The Commonwealth Bank put ASIC on an information 'drip feed' about charging fees for no service

Picture: Getty Images
  • The Commonwealth waited two years to tell the corporate regulator ASIC there was a problem with the fee for no service.
  • The bank’s Count financial planning had a report from Deloitte in 2012 about the lack of systems.
  • Yet the bank didn’t send a breach report to ASIC until August 2014.

The Commonwealth Bank knew at least two years before it notified corporate regulator ASIC that it had a problem charging customers for advice they didn’t get, the Financial Services Royal Commission heard.

In the witness chair today again was Marianne Perkovic, executive general manager of Commonwealth Private, who yesterday was warned by royal commissioner Kenneth Hayne to answer questions put to her.

Today Michael Hodge, senior counsel assisting the commission, asked Perkovic if ASIC had been put on a “drip feed” about information on the fees for no service issue.

“As we found issues, we reported them to ASIC,” Perkovic said.

However, it took the Commonwealth two years to report a breach to ASIC.

Marianne Perkovic.
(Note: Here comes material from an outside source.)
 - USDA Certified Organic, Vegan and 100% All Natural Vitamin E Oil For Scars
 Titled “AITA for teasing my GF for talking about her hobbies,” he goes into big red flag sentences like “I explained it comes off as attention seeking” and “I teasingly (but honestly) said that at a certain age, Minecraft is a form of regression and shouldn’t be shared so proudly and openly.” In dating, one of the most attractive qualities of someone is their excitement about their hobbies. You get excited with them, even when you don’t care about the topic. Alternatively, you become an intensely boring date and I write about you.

Image: Webcast screenshot

The Commonwealth’s Count financial planning had a report from Deloitte in 2012 about the lack of systems to monitor whether fees were being charged and there was also a large volume of complaints from customers.

And yet the bank didn’t send a breach report to ASIC until August 2014.
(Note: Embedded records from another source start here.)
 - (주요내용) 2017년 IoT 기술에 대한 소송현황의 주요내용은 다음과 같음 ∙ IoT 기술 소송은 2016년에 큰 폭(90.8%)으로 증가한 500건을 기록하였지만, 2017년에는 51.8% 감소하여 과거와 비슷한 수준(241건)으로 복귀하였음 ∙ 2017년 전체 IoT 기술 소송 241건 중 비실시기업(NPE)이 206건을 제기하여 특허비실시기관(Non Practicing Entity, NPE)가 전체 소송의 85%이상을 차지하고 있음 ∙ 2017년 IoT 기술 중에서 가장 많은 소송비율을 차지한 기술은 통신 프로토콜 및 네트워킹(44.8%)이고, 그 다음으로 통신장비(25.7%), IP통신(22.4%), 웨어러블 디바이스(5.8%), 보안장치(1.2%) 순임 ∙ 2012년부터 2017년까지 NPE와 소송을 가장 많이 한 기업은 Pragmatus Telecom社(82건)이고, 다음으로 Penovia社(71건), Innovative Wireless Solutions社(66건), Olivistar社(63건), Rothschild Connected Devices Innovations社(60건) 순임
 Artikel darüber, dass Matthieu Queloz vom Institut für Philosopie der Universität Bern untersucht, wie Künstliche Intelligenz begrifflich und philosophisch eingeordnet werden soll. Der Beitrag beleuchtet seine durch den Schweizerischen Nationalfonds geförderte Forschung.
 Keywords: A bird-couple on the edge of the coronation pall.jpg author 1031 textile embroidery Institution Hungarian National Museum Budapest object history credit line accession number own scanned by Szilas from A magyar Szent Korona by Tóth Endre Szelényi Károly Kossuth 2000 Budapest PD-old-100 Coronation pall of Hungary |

“The intent was always to give ASIC an update once we finished the review by 31 July,” Perkovic said.

After questioning, she said: “What we should have done at this time was actually switch off the fees, and in hindsight, or when we actually went across and remediated, we did compensate for the clients.”

She also agreed with Hodge that collecting fees without providing a service was unlawful.
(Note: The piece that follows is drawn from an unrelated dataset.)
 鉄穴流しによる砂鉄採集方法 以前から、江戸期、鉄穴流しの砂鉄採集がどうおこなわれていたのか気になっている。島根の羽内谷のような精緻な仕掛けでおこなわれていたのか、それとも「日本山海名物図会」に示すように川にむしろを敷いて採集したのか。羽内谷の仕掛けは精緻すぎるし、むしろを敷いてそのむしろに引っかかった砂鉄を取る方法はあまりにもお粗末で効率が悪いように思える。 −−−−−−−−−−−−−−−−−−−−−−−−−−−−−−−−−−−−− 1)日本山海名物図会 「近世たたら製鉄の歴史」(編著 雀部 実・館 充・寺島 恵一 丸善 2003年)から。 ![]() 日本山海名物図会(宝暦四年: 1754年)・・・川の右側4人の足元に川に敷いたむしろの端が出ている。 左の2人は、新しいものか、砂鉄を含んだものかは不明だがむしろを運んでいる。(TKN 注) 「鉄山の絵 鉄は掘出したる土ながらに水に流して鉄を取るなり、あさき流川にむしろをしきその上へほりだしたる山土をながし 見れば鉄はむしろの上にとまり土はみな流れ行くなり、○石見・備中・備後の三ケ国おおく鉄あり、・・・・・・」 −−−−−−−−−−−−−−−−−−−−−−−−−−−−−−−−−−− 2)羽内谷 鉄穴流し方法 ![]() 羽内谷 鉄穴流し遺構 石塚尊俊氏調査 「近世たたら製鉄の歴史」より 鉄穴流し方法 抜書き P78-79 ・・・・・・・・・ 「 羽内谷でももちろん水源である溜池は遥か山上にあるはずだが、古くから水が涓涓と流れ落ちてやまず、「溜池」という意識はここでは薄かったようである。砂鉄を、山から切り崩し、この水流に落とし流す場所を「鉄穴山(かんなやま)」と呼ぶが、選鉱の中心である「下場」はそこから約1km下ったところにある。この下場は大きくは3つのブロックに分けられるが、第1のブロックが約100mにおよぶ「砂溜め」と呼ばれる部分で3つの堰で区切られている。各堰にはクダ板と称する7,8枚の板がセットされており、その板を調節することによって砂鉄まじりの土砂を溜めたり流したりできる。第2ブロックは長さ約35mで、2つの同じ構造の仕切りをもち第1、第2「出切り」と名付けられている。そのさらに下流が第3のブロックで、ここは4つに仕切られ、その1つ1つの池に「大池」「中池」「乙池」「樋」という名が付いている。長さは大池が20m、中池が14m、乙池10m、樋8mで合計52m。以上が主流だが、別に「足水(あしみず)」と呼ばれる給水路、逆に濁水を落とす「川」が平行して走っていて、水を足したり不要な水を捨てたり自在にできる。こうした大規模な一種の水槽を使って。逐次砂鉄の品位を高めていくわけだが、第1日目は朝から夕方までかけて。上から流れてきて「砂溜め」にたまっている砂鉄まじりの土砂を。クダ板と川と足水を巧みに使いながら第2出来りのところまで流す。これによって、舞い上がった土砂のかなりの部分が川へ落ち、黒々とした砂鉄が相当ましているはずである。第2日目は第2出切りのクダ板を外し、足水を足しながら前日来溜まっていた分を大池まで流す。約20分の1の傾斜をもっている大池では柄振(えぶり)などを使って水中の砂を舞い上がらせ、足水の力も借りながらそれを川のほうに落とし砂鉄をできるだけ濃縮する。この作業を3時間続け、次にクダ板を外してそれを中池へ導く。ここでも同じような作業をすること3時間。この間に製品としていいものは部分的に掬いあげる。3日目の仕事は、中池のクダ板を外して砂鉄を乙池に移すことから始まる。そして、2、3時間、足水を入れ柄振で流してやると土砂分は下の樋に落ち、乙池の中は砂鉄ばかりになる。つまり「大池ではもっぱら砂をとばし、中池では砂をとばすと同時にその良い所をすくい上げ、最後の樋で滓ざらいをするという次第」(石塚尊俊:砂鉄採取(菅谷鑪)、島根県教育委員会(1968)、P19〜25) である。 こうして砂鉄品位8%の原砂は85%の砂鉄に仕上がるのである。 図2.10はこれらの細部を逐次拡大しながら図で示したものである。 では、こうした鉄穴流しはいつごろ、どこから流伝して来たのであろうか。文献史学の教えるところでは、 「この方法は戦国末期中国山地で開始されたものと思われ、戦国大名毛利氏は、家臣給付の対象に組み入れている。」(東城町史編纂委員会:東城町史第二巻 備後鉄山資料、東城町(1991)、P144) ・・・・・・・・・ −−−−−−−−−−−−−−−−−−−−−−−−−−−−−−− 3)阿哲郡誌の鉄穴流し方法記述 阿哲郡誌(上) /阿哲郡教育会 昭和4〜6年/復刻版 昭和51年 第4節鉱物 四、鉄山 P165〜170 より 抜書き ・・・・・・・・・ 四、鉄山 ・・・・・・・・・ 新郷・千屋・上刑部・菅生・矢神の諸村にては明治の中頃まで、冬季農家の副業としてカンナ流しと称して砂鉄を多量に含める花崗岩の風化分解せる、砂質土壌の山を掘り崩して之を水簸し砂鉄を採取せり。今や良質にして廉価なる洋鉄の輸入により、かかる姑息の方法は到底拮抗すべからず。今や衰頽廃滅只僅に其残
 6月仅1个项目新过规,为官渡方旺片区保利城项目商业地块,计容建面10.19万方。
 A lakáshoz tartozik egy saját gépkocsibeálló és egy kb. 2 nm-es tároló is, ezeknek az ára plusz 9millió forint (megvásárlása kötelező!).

Overall, the Commonwealth has also offered $118.5 million in refunds to customers to the end of December last year.

This week the royal commission detailed false or misleading statements by AMP to the corporate regulator ASIC about fees it charged customers for advice not given.

The commission has heard, and a senior AMP executive confirmed, a long list of letters, emails and reports showing that the company tried to keep significant information from ASIC.

Australia’s major banks face 15 different major inquiries, including the Royal Commission, following a series of scandals involving giving poor financial advice to customers.